6. Implications, Use Cases, and Open Questions
Apriel-Nemotron-15B-Thinker’s halved resource requirements vis-à-vis mainstream 32B models enable practical deployment on a single H100 or affordable dual-GPU configurations. This reduction directly translates into decreased inference latency, lower cost, and more accessible on-premise and air-gapped deployments, with particular suitability for secure retrieval-augmented generation (RAG), automated workflow orchestration, and code generation scenarios.

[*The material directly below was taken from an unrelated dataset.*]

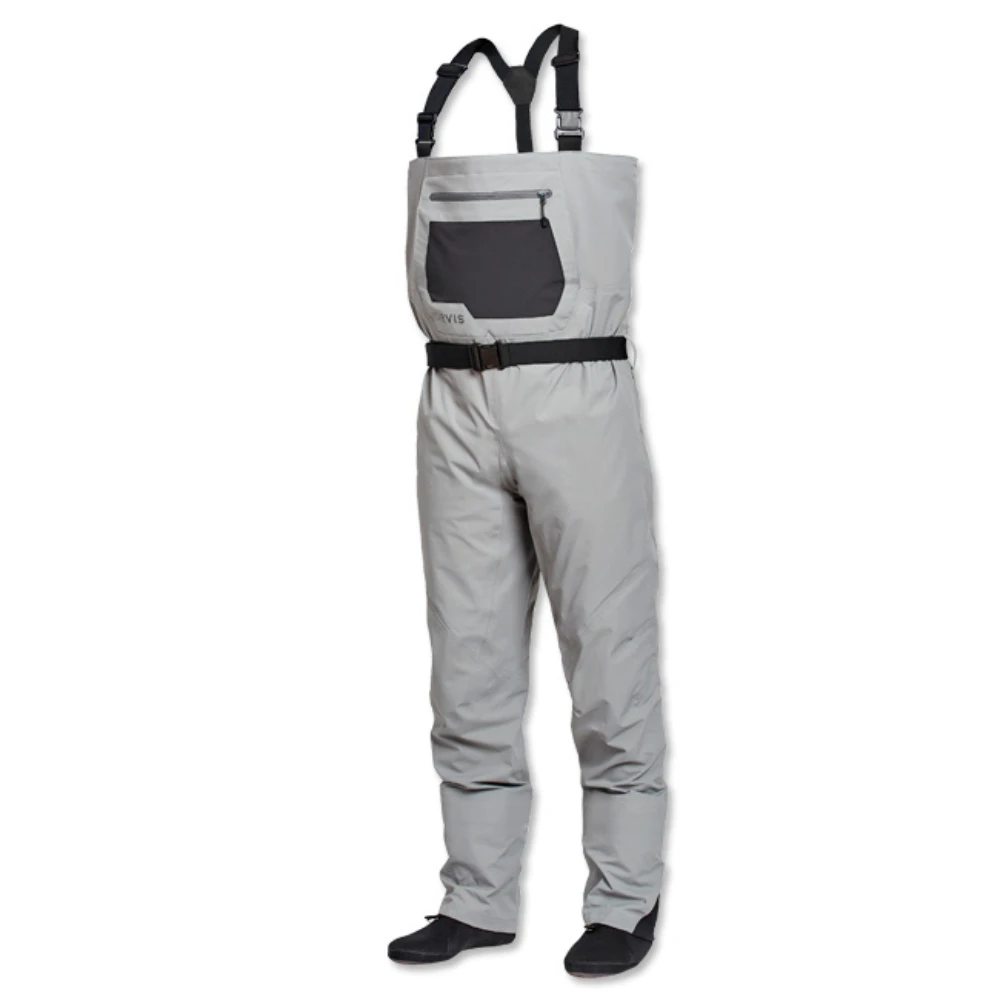 This new Clearwater fly-fishing wader for men is feature rich and built with a modern fit to eliminate traditional bulk. Four-layer waterproof breathable nylon fabric is light yet durable, with a 30K Waterproofness / 8K Breathability rating. Opposing side-release buckles allow for waist-high conversion on warm days. External storage pocket with stretch panel for small items and fly boxes, plus a kangaroo-style handwarmer pocket on the front chest. Updated anatomical neoprene booties with Integrated neoprene gravel guards to reduce water drag and collection. Low-profile seam construction and low-profile belt loops with 1½” webbing belt included. Hook and loop patch on interior pocket to attach Orvis waterproof pocket (8G3H sold separately). In stone. Nylon shell/ polyurethane membrane/Nylon tricot liner. Washable. Imported.

Despite strong performance across reasoning and mathematical tasks, there are persistent limitations, including:
- Inferior code execution ability on benchmarks such as LiveCodeBench (54.6%) compared to distilled 32B models (>65%)
- Absence of width scaling or sparse/MoE layers, which may yield additional gains at the 15B parameter scale
- RL rewards remain hand-crafted; use of learned preference models may further improve instruction following and generative alignment
- Validation of quantized inference for reduced-precision (8-bit, 4-bit) operation remains incomplete
A plausible implication is that future research could address these limitations by exploring width scaling stability, automated reward design, and quantized inference strategies, potentially advancing the efficiency frontier established by Apriel-Nemotron-15B-Thinker.